AIS Class B, real world #1

ACR NauticastB CE c Panbo

Check out the full size version of this Coastal Explorer (aka Maptech Chart Navigator Pro) screen. It shows how useful the Nauticast B AIS transponder was during the Bermuda-to-Maine passage, and suggests how it might have played a critical role. You can see that we’re just coming onto the continental shelf. It was no surprise that we drove right into a classic Georges Bank blanket of fog, but reassuring that the Nauticast B’s dual receivers picked up the Sealand Atlantic at about 25 miles, more so knowing that we were going to pass ahead of it with a wide CPA. Visions of Johanna’s 4kw open array Furuno NavNet radar didn’t pick up the ship (bow on) until about when this screen was made, and it wasn’t even a large target when broadside 10 miles astern. Had we been 10 miles further back on our track, and without AIS, the crossing might have been nerve wracking.


The Sealand Atlantic did not answer my VHF call, so I don’t know if it ever saw our AIS signal, but by that time I had a high level of confidence that it would have from at least 6 miles and probably 10. I had already had responses from the other 7 ships I called, five of which saw us at 6 to 11 miles. The two that couldn’t see us were 10–12 miles away.
  Unfortunately AIS did not help us with the fishing boats that we could hear chattering around us on VHF once we got on the banks. I was off watch by then but apparently we passed a little over a mile from two though never saw their lights, just radar targets acting oddly (as the boats dragged their nets). It’s nice to know that once Class B is FCC approved the Coast Guard plans to mandate their use on many of those vessels. Finally, note how Vision’s own AIS info is in the Nauticast’s NMEA 0183 stream, just like that of other targets and the unit’s GPS. The result, a little glitch I guess, is that Coastal Explorer warned us of a imminent collision with ourselves all the way to Maine (see bottom of the screen)!

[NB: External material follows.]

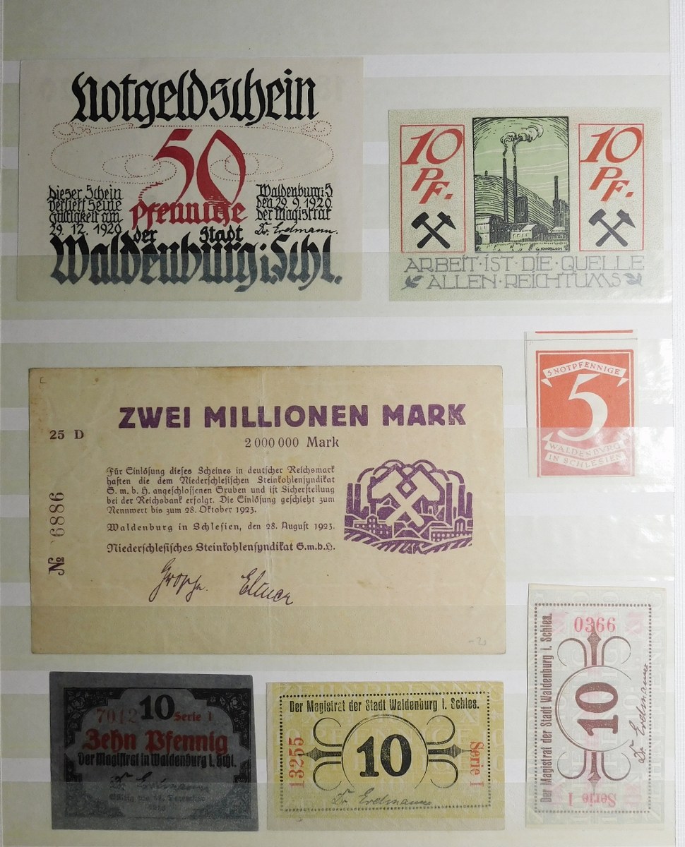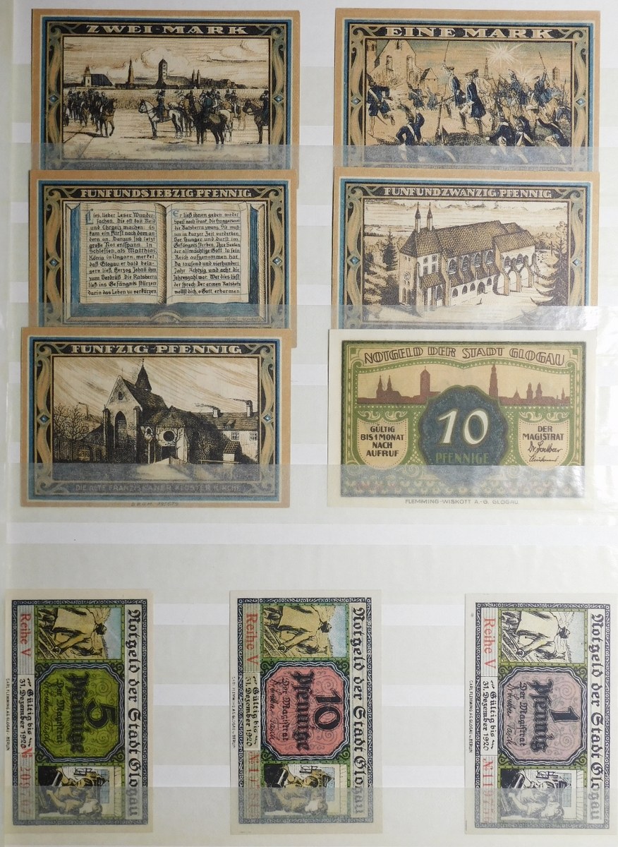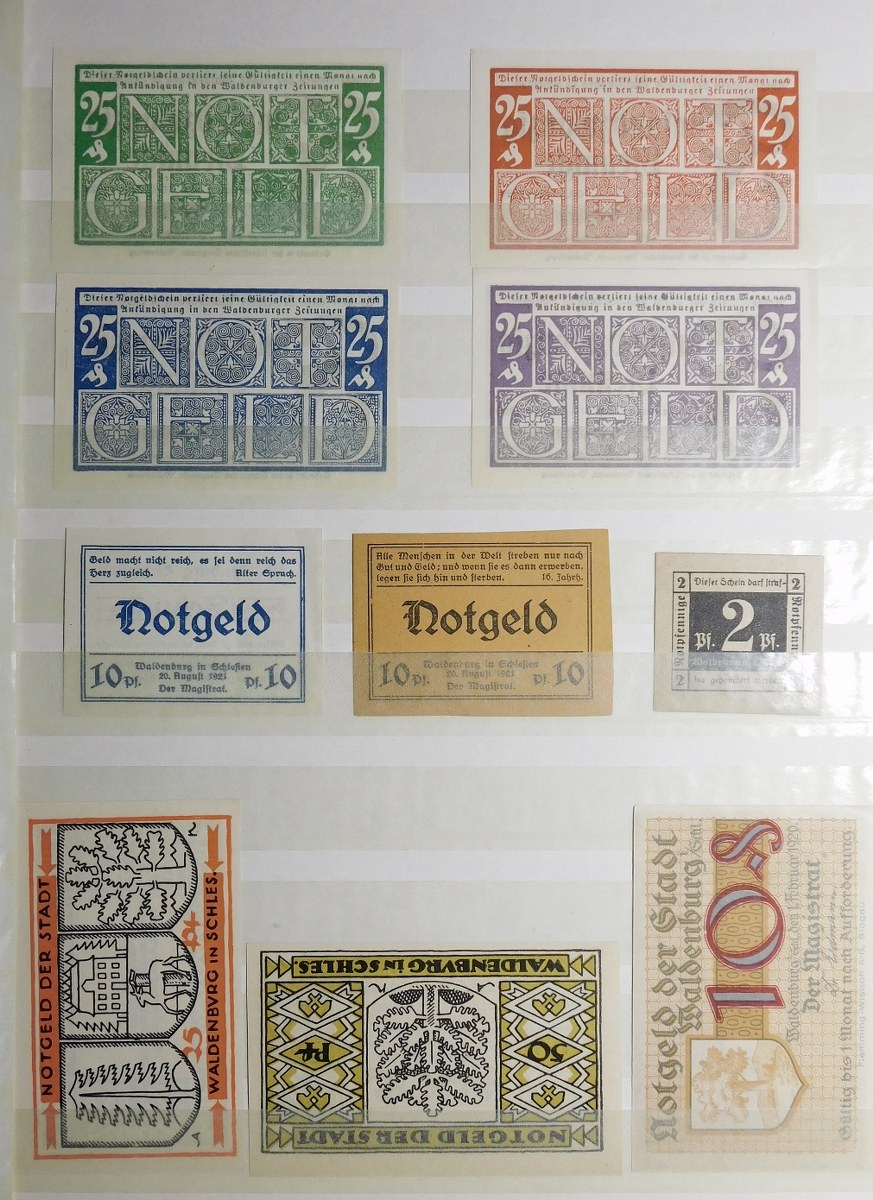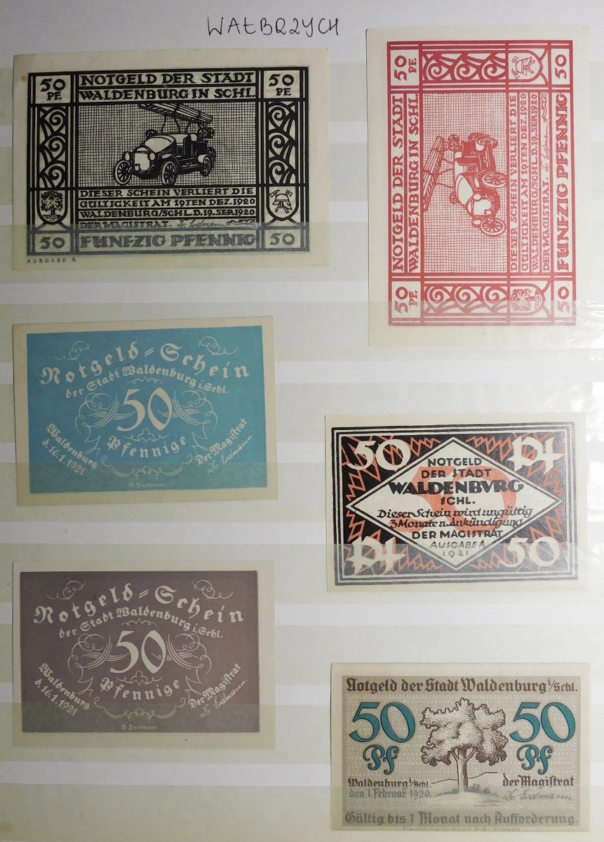 Klaser zawierający kolekcję 77 notgeldów z Dolnego Śląska, miasta:
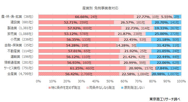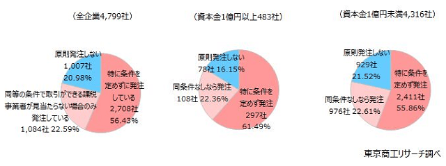 産業別では、「特に条件を定めず発注」は不動産業が57.0%(114社中65社)と全体(56.4%)より高く、建設業は52.7%(681社中359社)と10産業のなかで最低となった。一方、「原則発注しない」は建設業が20.7%、不動産業が21.0%で、最も高率なのは金融・保険業の31.4%だった。

PS 7/1:  Some good tips from gCaptain on how to use AIS to really get a ship’s attention.

Ben Ellison

Ben Ellison

Panbo editor, publisher & chief bottlewasher from 4/2005 until 8/2018, and now pleased to have Ben Stein as a very able publisher, webmaster, and editing colleague. Please don't regard him as an "expert"; he's getting quite old and thinks that "fadiddling fumble-putz" is a more accurate description.

4 Responses

  1. Dan Gingras says:

    I WANT ONE!!!!!!
    When is the bloody FCC going to get off the dime and get this approved.
    Dan
    Capt Dan Gingras
    O461 LIONHEART
    Portsmouth NH
    http://www.daniel.gingras.net

  2. Tim Flanagan says:

    Me too! We can hardly wait to get our hands on one and give it a proper stress-test here in crowded Puget Sound.
    Tim Flanagan
    Managing Editor
    Navagear.com

  3. If you had a DSC enabled VHF you could have placed a call to the other vessel’s bridge using their MMSI, no?
    Terry

  4. Brian Lane says:

    Ben,
    It may have been that the AIS was ‘hearing itself’ when it transmitted so CE had no way to know that it was you — I don’t remember a ‘Ignore my MMSI’ feature in CE, but it might be a useful one to add.